◆ **EXERCISE INSTRUCTIONS**
Using the material below, return exactly the lines between the one holding "Dexy – LED Bathroom" and the one holding "Ideal for warmer", inclusive, and no others.

◆ **LISTED RECORDS**
+++++
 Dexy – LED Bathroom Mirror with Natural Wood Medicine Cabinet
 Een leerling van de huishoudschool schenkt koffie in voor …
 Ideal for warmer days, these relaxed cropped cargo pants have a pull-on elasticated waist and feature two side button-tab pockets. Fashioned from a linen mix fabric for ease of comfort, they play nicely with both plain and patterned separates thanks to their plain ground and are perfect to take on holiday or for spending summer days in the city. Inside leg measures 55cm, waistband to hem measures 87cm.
+++++
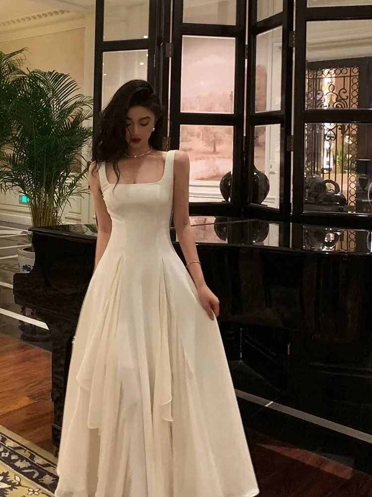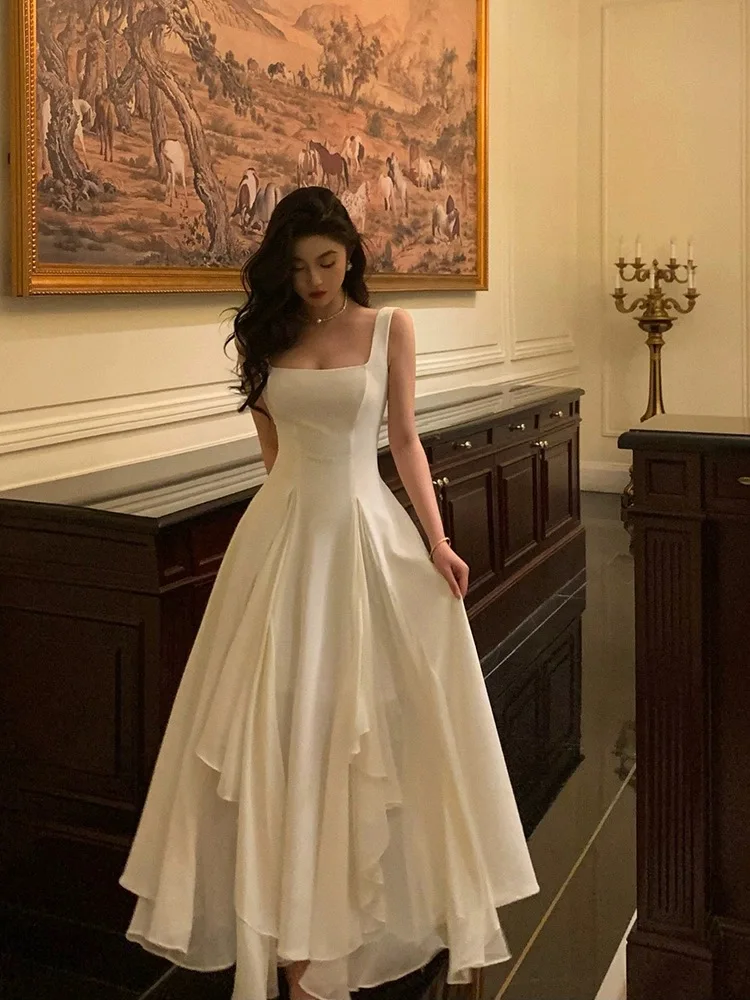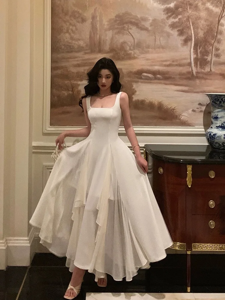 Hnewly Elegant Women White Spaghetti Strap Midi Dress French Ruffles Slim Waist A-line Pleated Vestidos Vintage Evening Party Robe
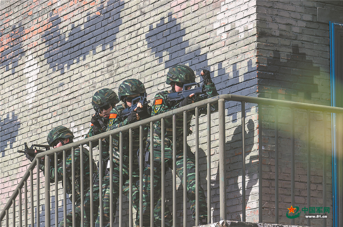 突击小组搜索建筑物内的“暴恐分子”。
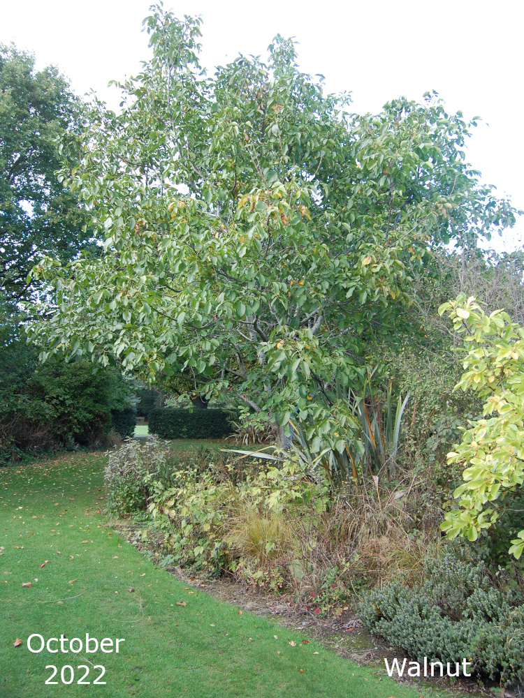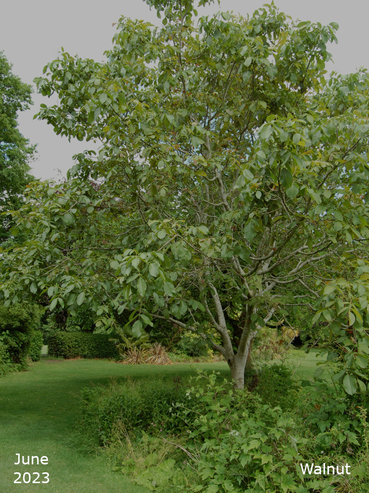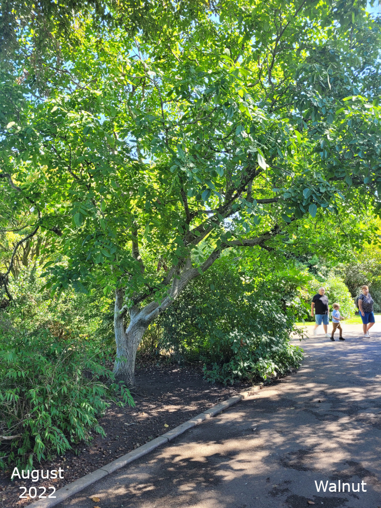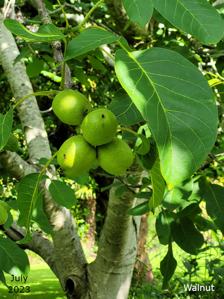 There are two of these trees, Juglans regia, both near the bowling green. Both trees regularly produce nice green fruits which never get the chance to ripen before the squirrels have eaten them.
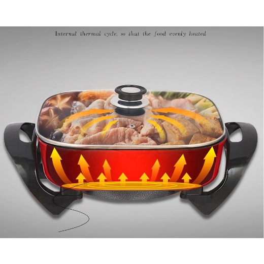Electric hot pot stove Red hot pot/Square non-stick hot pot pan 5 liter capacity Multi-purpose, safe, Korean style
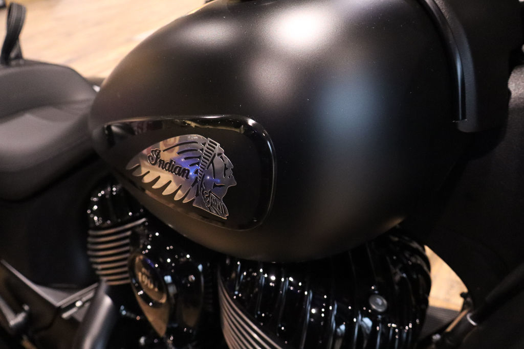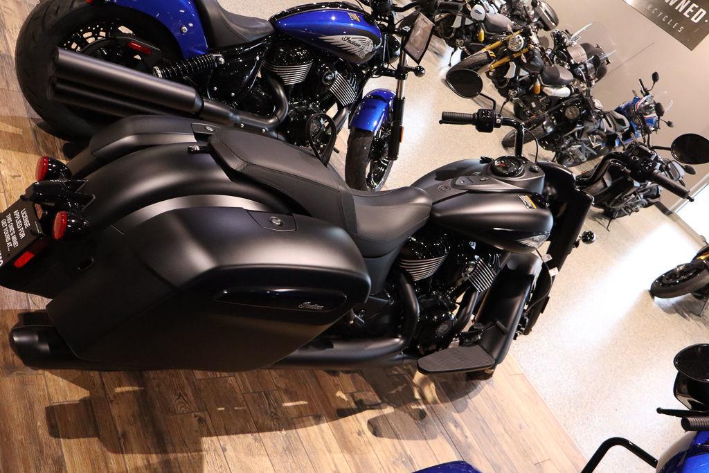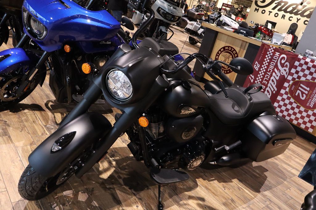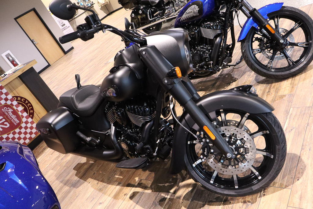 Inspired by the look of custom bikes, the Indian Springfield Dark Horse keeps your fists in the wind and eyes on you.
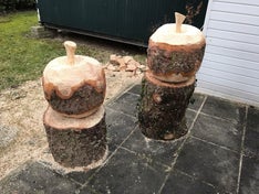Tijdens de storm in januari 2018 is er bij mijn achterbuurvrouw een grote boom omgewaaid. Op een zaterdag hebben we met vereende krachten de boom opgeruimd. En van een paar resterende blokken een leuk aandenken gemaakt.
+++++
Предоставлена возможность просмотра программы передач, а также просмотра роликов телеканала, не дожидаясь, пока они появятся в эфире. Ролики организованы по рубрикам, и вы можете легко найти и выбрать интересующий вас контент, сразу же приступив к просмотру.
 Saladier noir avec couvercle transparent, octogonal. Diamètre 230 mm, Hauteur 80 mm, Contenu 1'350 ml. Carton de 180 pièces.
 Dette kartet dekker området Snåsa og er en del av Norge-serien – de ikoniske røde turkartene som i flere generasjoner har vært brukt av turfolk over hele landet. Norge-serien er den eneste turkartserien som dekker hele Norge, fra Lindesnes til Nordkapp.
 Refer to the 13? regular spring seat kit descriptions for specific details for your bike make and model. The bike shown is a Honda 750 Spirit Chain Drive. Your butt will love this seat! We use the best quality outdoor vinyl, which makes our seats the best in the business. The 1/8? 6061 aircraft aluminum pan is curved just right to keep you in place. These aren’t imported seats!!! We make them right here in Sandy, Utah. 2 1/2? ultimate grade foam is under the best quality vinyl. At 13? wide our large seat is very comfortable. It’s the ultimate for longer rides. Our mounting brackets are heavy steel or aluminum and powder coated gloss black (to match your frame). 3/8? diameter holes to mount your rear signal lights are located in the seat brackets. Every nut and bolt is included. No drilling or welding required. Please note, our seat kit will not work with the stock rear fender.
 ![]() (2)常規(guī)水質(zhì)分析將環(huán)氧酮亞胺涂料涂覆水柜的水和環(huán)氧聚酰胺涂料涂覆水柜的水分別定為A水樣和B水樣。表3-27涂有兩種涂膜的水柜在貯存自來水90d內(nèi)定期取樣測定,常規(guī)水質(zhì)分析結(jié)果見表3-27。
+++++
◆ **EXERCISE RESULT**
 Dexy – LED Bathroom Mirror with Natural Wood Medicine Cabinet
 Een leerling van de huishoudschool schenkt koffie in voor …
 Ideal for warmer days, these relaxed cropped cargo pants have a pull-on elasticated waist and feature two side button-tab pockets. Fashioned from a linen mix fabric for ease of comfort, they play nicely with both plain and patterned separates thanks to their plain ground and are perfect to take on holiday or for spending summer days in the city. Inside leg measures 55cm, waistband to hem measures 87cm.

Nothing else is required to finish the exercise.